— Жаль, что вы раньше не пришли к такому решению.
Дина вскинула голову. Она еще не сказала, что согласна.
Но Джеймс продолжал:
— Врач, который тебя обследовал, не предложил тебе никакого лекарства?
— Предложил, но я отказалась.
Он взглянул на крестик на шее Дины и решил не спрашивать ее о причинах. Лучше не вступать в религиозные споры, это только замутит воду.
— Даже спустя два месяца это была бы очень простая процедура — заняла бы всего пятнадцать минут. Аборт во втором триместре, конечно же, намного сложнее, — он смотрел на Дину, подбирая более мягкие слова. — Я собираюсь предложить тебе инъекцию простагландина, чтобы вызвать схватки и удалить плод.
Джеймс не стал продолжать. Если Дине хочется узнать детали того, как вводится гормон, куда он вводится и что происходит с плодом, ей придется спросить. Хотя она может узнать обо всем во время самой процедуры.
— Риск минимальный, — продолжил Джеймс, заметив, как побледнела Дина, и желая успокоить ее. За пять лет работы он старался заниматься пациентами в первом триместре, оставляя тех, у кого более поздний срок, доктору Франклину. Но поскольку Дина — дочь его хорошей подруги, придется сделать исключение. Он сделает все сам и будет наблюдать за ней после операции — надо быть уверенным, что все прошло нормально.
В памяти всплыла статья о девушке-самоубийце. Почему сейчас это вспомнилось? Почему он никак не может выбросить это из головы?
И почему Ханна так на него смотрит?
Он постарался сосредоточить свое внимание на Дине — помощь была нужна ей.

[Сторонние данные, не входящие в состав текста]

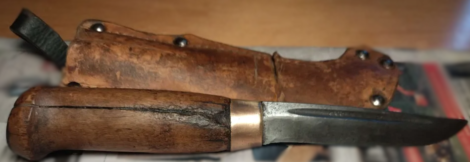 >>65099774>Funny that there used to be more variety in puukkos like the fuller and clip point shown hereAgreed. I really like this cheap (with ersatzleather) one from the 40's (or 50's). It feels good in the hand, i sharpened it and it does what a knife needs to do.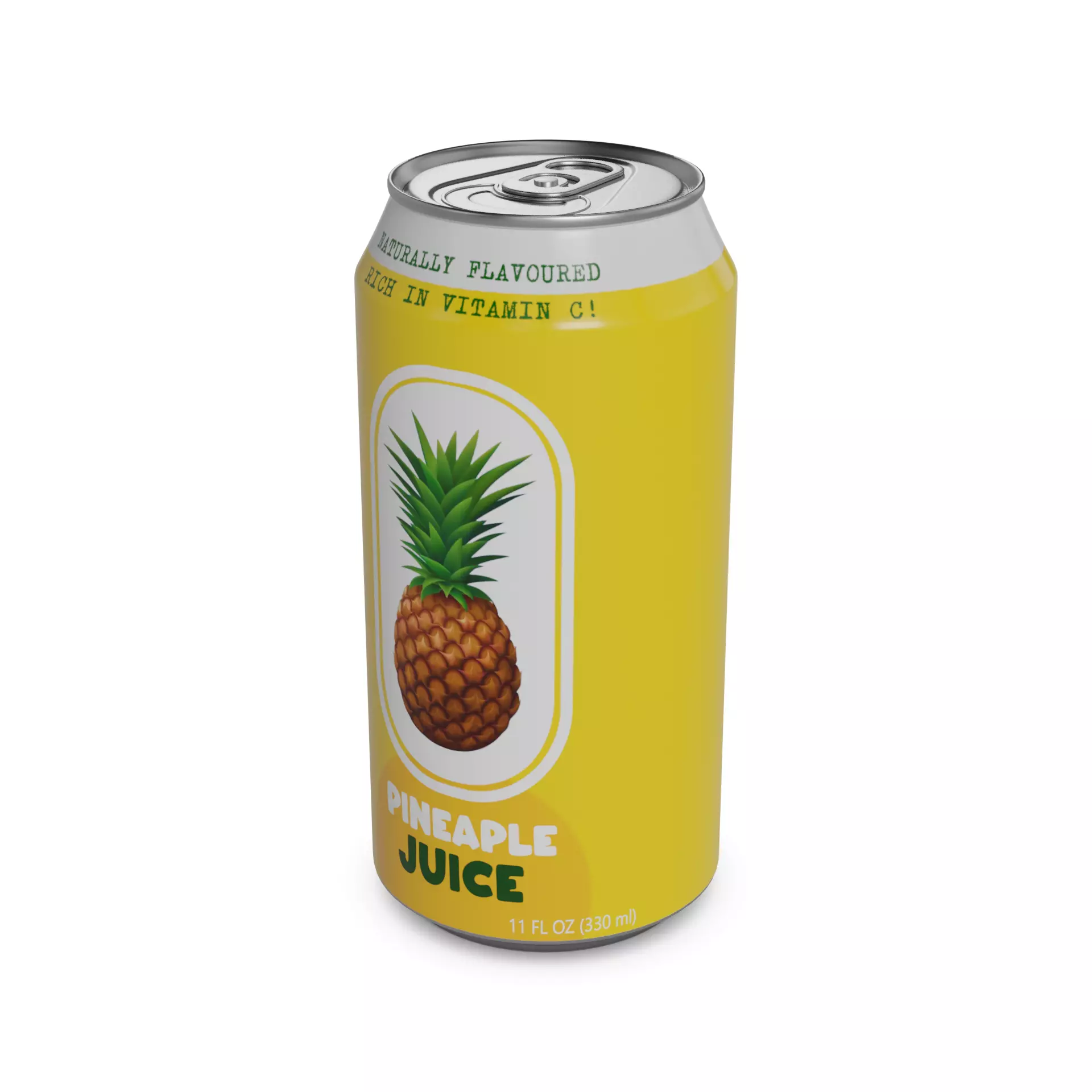 Pineapple Juice: Dive into the tropical paradise with every sip of this refreshing pineapple juice. Packaged in a vibrant yellow aluminum can, featuring a playful pineapple illustration. The can is adorned with a text label highlighting the high vitamin C content of the juice. Available in a 330ml size, ideal for enjoying on a sunny day.

— Я о тебе позабочусь. Я сделаю все так, как если бы ты была моей собственной дочерью. — Когда Джеймс говорил это, его сердце дрогнуло.
— А что потом? — тихо спросила Ханна.
— Она останется в реанимации час или два. Я буду все время рядом.
— Я имею в виду… потом.
— Только несколько моих пациентов вернулись с осложнениями; осложнения были незначительные, они легко лечились лекарствами. — На его лбу появилась мрачная складка. К несчастью, большинство из них возвратились опять беременными, чаще всего на поздних сроках. Выражение его лица смягчилось, когда он посмотрел на Дину. — Я не хочу, чтобы ты о чём-то беспокоилась, Дина. Это вовсе не так трудно, как, наверно, тебе рассказывали.
Он снова заметил странный взгляд Ханны, как будто она хотела что-то сказать. Она промолчала, но с лица не сходило выражение беспокойства.
Дина знала, что мать уже все решила. Ей хотелось задать множество вопросов, но теперь что-то ей мешало. Мать была напряжена — вот-вот заплачет. Продолжать разговор — значит, причинить ей еще большую боль. И все же Дина колебалась.